Lecture | Friends of the Kern Institute lecture
VVIK lecture by Csaba Dezső
- Date
- Thursday 21 June 2018
- Time
- Explanation
- Drinks afterwards
- Series
- Lecture series Society of Friends of the Kern Institute (VVIK)
- Location
-
Matthias de Vrieshof
Matthias de Vrieshof 2
2311 BZ Leiden - Room
- 2
A Passage to Dvīpāntara: An Imagined Naval Expedition from Ceylon to Laṅkā

Around 1000 CE Dhanapāla, the court poet of the Paramāra king, composed a prose kāvya, which he named ‘Tilakamañjarī’ after its heroine. This voluminous work contains the description of a fictional naval expedition led by a prince from Siṃhala to take measures against insolent vassals living at Mount Suvela. It is a description that combines the realistic aspects of maritime travel with fantastic adventures. A close reading of the text will show us details that are curiously reminiscent of the culture of the Indonesian archipelago, and will also take us on a guided tour on the island of Laṅkā, an imaginary landscape of memory.

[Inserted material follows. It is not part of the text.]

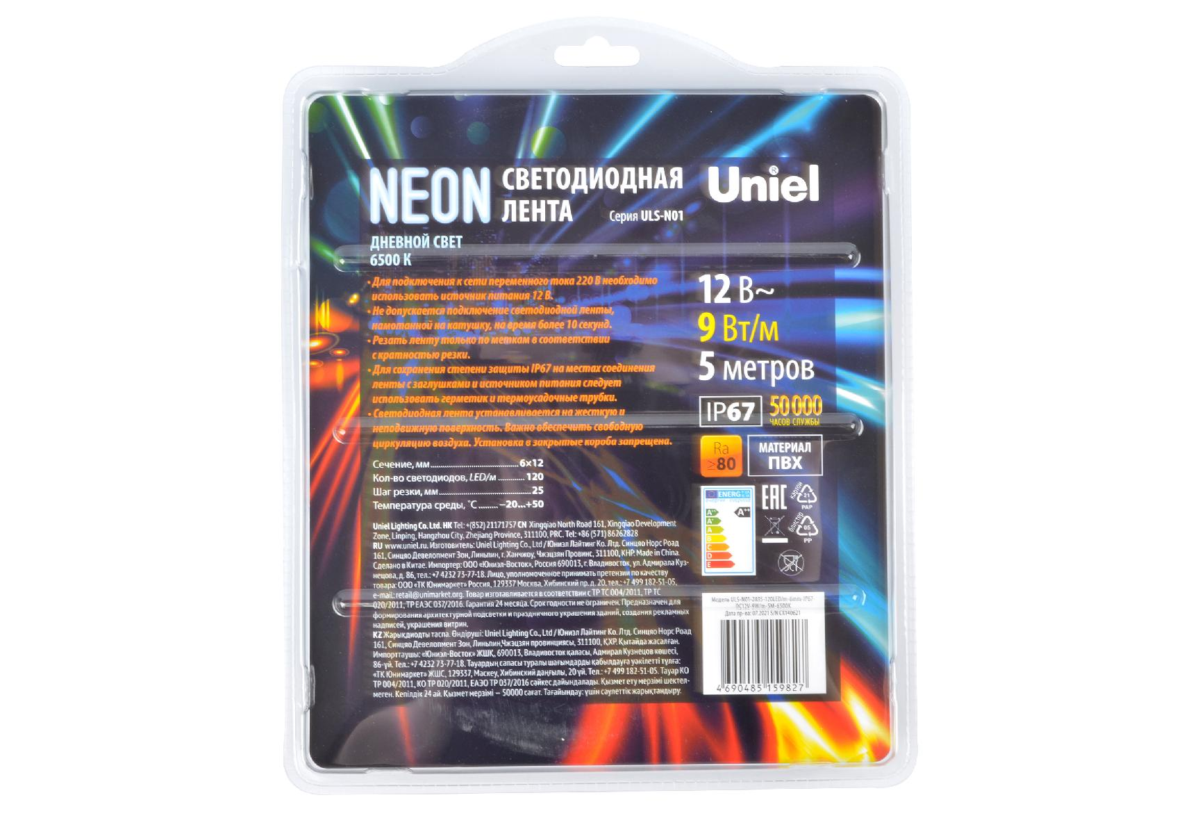 ULS-N01-2835-120LED/m-6mm-IP67-DC12V-9W/m-5M-6500K блистер

We shall also examine Dhanapāla’s text in the context of other (mostly Jain) writings on sea travel, and consider the possible goals (and the attitudes to these goals) of such travel from trade through sightseeing to plunder.
Csaba Dezső

Csaba Dezső studied Classical Philology, History and Indology at Eötvös Loránd University, Budapest. After finishing his MA-s (Latin Language and Literature, Indology), he went to Oxford in 1998 to study for a PhD under the supervision of Professor Alexis Sanderson. He submitted his doctoral thesis in 2004, a critical edition and annotated translation of Bhaṭṭa Jayanta’s Āgamaḍambara, a satirical play about religious sects and their relations with the court in Kashmir around 900 CE. He then returned to Budapest and has been teaching Sanskrit since then at the Department of Indo-European Linguistics, Eötvös Loránd University. He has published, among others, first editions of fragments of Sanskrit plays based on codices unici, as well as a new critical edition and English verse translation of Dāmodaragupta’s Kuṭṭanīmata, “The Bawd’s Counsel”, in collaboration with Dominic Goodall. Recently he has been working on the critical edition of Vallabhadeva’s commentary on the Raghuvaṃśa together with Dominic Goodall, Harunaga Isaacson and Csaba Kiss. Since September 2017 he has been spending his sabbatical year as a researcher at LIAS.